В конюшне раздался бой часов. Епископ сказал, размышляя вслух: — Голубка нужна, голубка — как та, что умерла.

— Вы тоскуете по жене?

— Да.

— А я, признаться, вовсе не тоскую по мужу.

— Чем же он был плох, на ваш взгляд?

— Скучный человек.

Епископ помялся.

— Я не люблю об этом рассказывать, но у меня был брат, и он погиб, потому что любил рисковать, — так вот мне кажется, он рисковал жизнью, борясь со скукой.

— Сколько ему было лет?

— Семнадцать.

— Не рановато ли он начал скучать?

— Вовсе нет, напротив, с годами все становится увлекательней. Возьмите хотя бы случай с этим конем и этим голубем. Я думаю, если бы у брата хватило терпения подождать, ему со временем стало бы интереснее жить. Видите ли, в то время, когда случилось несчастье, он больше не мог мириться с природой собственного мышления, ибо мыслил плоско, шаблонно. С годами он научился бы думать иначе.

— Вы считаете, что самоубийство смертный грех?

— Не стоит об этом, хорошо?
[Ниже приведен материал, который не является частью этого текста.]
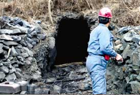 27日下午,門頭溝木城澗大華溝內(nèi)的一個非法小煤礦洞口,一名爆破人員正在放置炸藥。隨后,該煤礦被炸毀。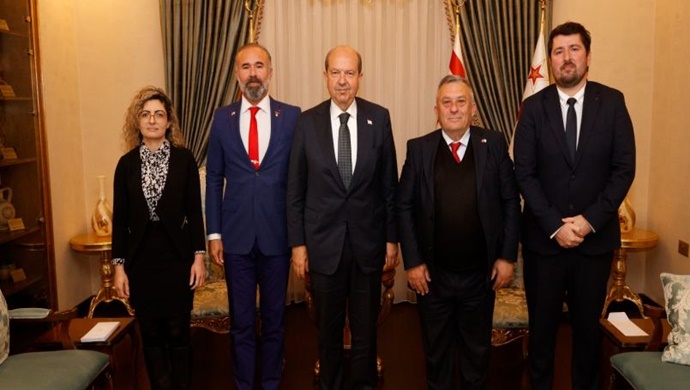 Cumhurbaşkanı Ersin Tatar, Türkiye Cumhuriyeti Dışişleri Bakanlığı İkili Siyasi İşler ve Denizcilik- Havacılık- Hudut Genel Müdürü Büyükelçi Burak Özügergin ve beraberindekileri kabul etti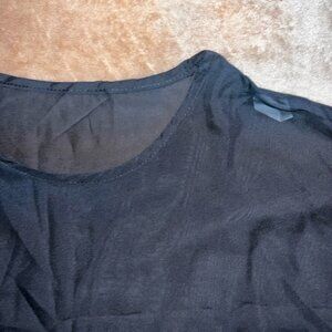 Women Medium Black Sheer Chiffon White Pom Tassle Swim Coverup (Q)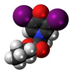 Keywords: Propyliodone-3D-spacefill.png Space-filling model of the propyliodone molecule an X-ray contrast agent Colour code 505050 Carbon C black<br> F0F0F0 Hydrogen H white<br> F51E1E Oxygen O red<br> 3C50FA Nitrogen N blue<br> 961496 Iodine I purple<br> 2011-02-03 own DS Visualizer Jynto talk Ball-and-stick version cc-zero Iodine containing contrast agents Dihydroazines Cyclic ketones Carboxylate esters Propyl esters Images by Jynto |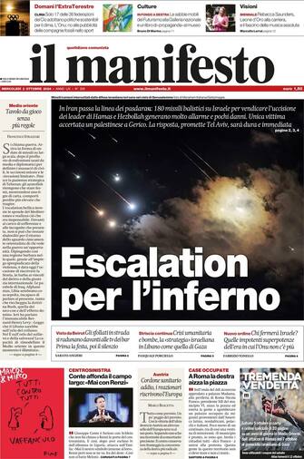 - 'Escalation per l'inferno' è l'emblematica immagine scelta per la copertina del Manifesto. Unica vittima accertata, per ora, un palestinese a Gerico. La risposta, promette Tel Aviv, sarà "dura e immediata"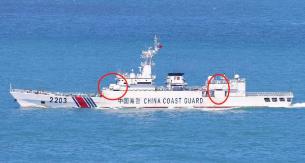 不过值得注意的还得是海警的2202舰,海警的2202号舰本身是海军053H2G护卫舰退役转交给海警的,舰艇本身的4座双联装37mm舰炮并未拆除。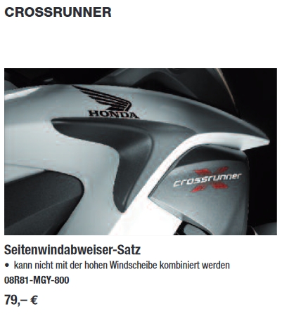 #24 Alles anzeigenHallo , ich habe zu dem Teil auch mal eine Frage. Ich habe eine VFR 800 X Crossrunner. Passen da vielleicht auch die Teile ?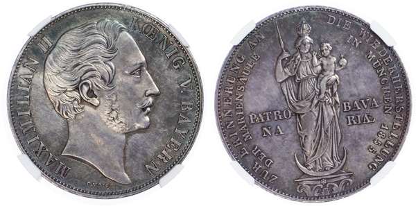 Germany, States, Bavaria. Maximilian II AR 2 Gulden. MAXIMILIAN II KŒNIG V. BAYERN, C.VOIGT below bust right / ZUR ERINNERUNG AN DIE WIEDERHERSTELLUNG, DER MARIENSÄULE IN MÜNCHEN date, PATRONA BAVARIÆ, in concentric circles, Standing Madonna centre. KM 848. 21.21g, 36mm, 12h.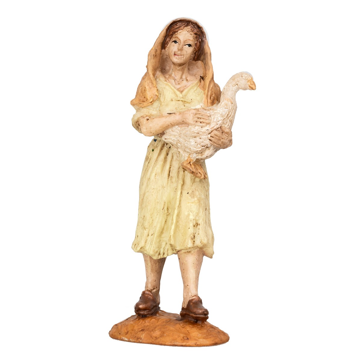 The figure represents an Arab woman holding a goose in her arms and is hand-painted with attention to the smallest details, from the folds of the dress to the facial expressions, to the realistic rendering of the animal.
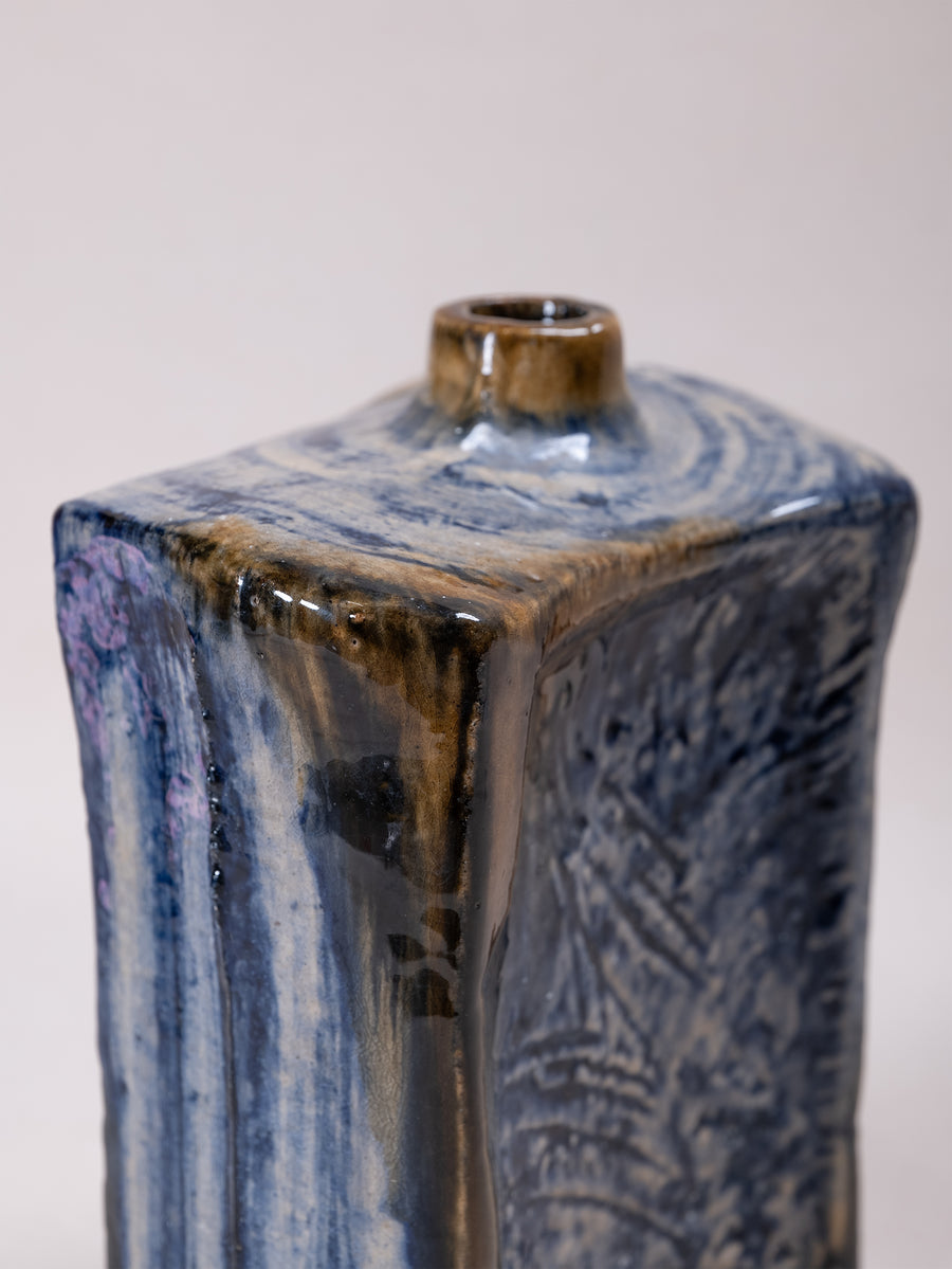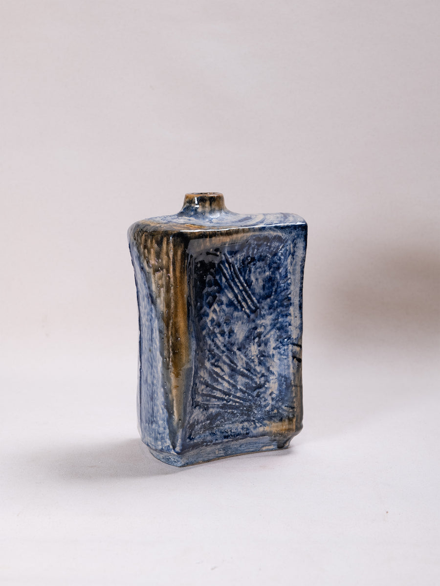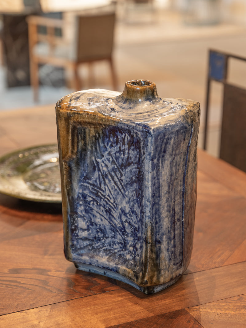 Defined by bold angular forms and richly textured surfaces, these glazed ceramic vessels reveal a dynamic interplay of earthy tones, deep blues, and expressive carved motifs. Their sculptural presence balances function with artistry, embodying the modernist spirit of mid-century ceramic design.

Вы не замерзли? Ах, но как же я рад, что нас осенила мысль о голубке.

— Как вы раздариваете свои удачные мысли. Это вас она осенила.

— Скажите пожалуйста! А у вас зоркий глаз. Надо, пожалуй, смахнуть пыль с гетр.

— Он для того рисковал жизнью, чтобы вернуть себе остроту ощущений?

— Я был тогда молод, но думаю, да — надеялся вновь почувствовать вкус к жизни, рискуя ею. Он играл в так называемую русскую рулетку, то есть перебегал через улицу прямо под колесами летящей кареты. Сегодня многие находят, что эта история колоритна. Он нарочно сошел на мостовую, когда прямо на него неслась карета. Вы, я думаю, так не делали? Когда решили разойтись с мужем?

— Может быть, лучше спросить — когда решила выйти замуж?

— Разумеется, незавидная доля — иметь дело с такими людьми, как ваш муж, для которых твое отступление — не признание собственной несостоятельности, а тактический маневр. Я говорю сейчас не о вашей натуре, а о положении, в котором вы оказались. Интересно, удастся ли мне достойно написать биографию благородного коня? Вообще говоря, это возможно. Вспомним Джорджа Стабса — разве его анатомическим рисункам с изображением сов и так далее не присуще благородство?